Non è una collezione di merci e valori di scambio.
La
città esprime sempre un proprio profilo,
propri assetti sociali, proprie forme istituzionali, rapporti di potere,
posizione nella divisione nazionale ed internazionale del lavoro, è uno snodo
di flussi di informazione, capitale, merci, di persone …
La
città è anche frutto del proprio percorso,
le cui tracce sono incorporate nella sua fisica materialità, ma la trascendono.
La città è anche Patria (o Madre, se
si preferisce). Non è una unità amministrativa ed
istituzionale, ma quel che le sta dietro, logicamente e cronologicamente. Il luogo
fisico nel quale ambiente e paesaggio costruiti e modificati dalla vita activa delle generazioni trascorse
e della presente svolgono un essenziale ruolo socializzante. Una funzione di
protezione e rassicurazione esistenziale, e quindi affinità, consonanze, essere parenti. Il territorio è anche
luogo immaginario, dei miti e delle storie, delle tradizioni, di ciò che ci
rende un “noi”, e mitiga la solitudine di tanti “io” spesso individualmente espulsi,
vittimizzati, inutili.
Si
può andare alla lezione di Hannah Arendt[2],
magari ripresa da Richard Sennett[3],
per comprendere il legame etico, culturale e psicologico con il territorio come
solida realtà fatta di manufatti, ambienti, realtà (res), con la “citè”, con lo
stile di vita ed il senso del comune.
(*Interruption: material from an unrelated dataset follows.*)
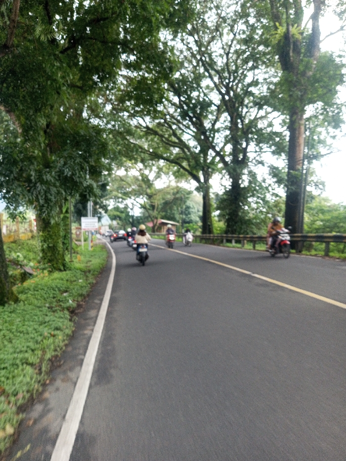 The scene depicts a two-lane asphalt road curving gently through a verdant environment, likely within Sandamal Eliya, Sri Lanka. The road surface is dark grey, featuring a solid white edge line on the left and a double yellow centerline separating traffic directions. Dense, lush green foliage and mature trees with extensive canopies line both sides, creating a somewhat shaded, tunnel-like effect. The ground immediately adjacent to the road on the left is covered with short green plants. Vehicular traffic consists primarily of motorcycles and scooters. In the foreground on the left lane, a dark-colored scooter is driven by an individual wearing a light-colored helmet and top, traveling away from the viewer. On the opposite lane, a red motorcycle is visible, operated by a person wearing a dark helmet and top, also traveling away from the viewer. Several additional motorcycles and scooters, varying in color, are observed further down the road on both sides, with riders typically wearing helmets. A blurred metal guardrail runs along the right side of the road in the mid-ground. Two indistinct white signs on poles are visible on the left side. The sky is overcast.

Anche quando ‘storta e sbilenca’ (Sennett),
abitata da migranti di tutti i tipi e secondo tutte le direzioni, quando
contiene intollerabili disuguaglianze, la città è sempre un laboratorio aperto
che viene sempre rimontato, ma ha sempre un suo carattere. È sempre un luogo
individuale, singolare.
Ad
esempio, Napoli.
-
reca importanti tracce della città classica (una delle più importanti
del mondo), compatta perché costruita in sistemi tecnologici ed economici a
basso tenore energetico, gerarchica e comunitaria, fortemente prospettica,
-
vi si sovrappone la città industriale primo-moderna (es. Bagnoli), oggi ridotta a
tracce e memorie storiche disperse,
-
la sua principale sostanza è fordista, con l’enorme espansione per
quartieri specializzati che la contraddistingue e quindi le vaste aree
industriali, le nuove aree residenziali,
-
ma è anche fortemente presente la città post-fordista (ad es. il Nuovo
Centro Direzionale), che ha visto l’area urbana campana perdere nella nuova
distribuzione del lavoro, nelle reti lunghe che si sono affermate, nella
dominazione dalla finanza predatoria il cui centro è inesorabilmente altrove,
la deregolazione e la fuga fiscale,
A
fronte di questa complessa stratificazione oggi siamo davanti a sfide nuove. Stiamo
uscendo, accelerando dal 2007-10, dalla forma e ‘piattaforma tecnologica’[4]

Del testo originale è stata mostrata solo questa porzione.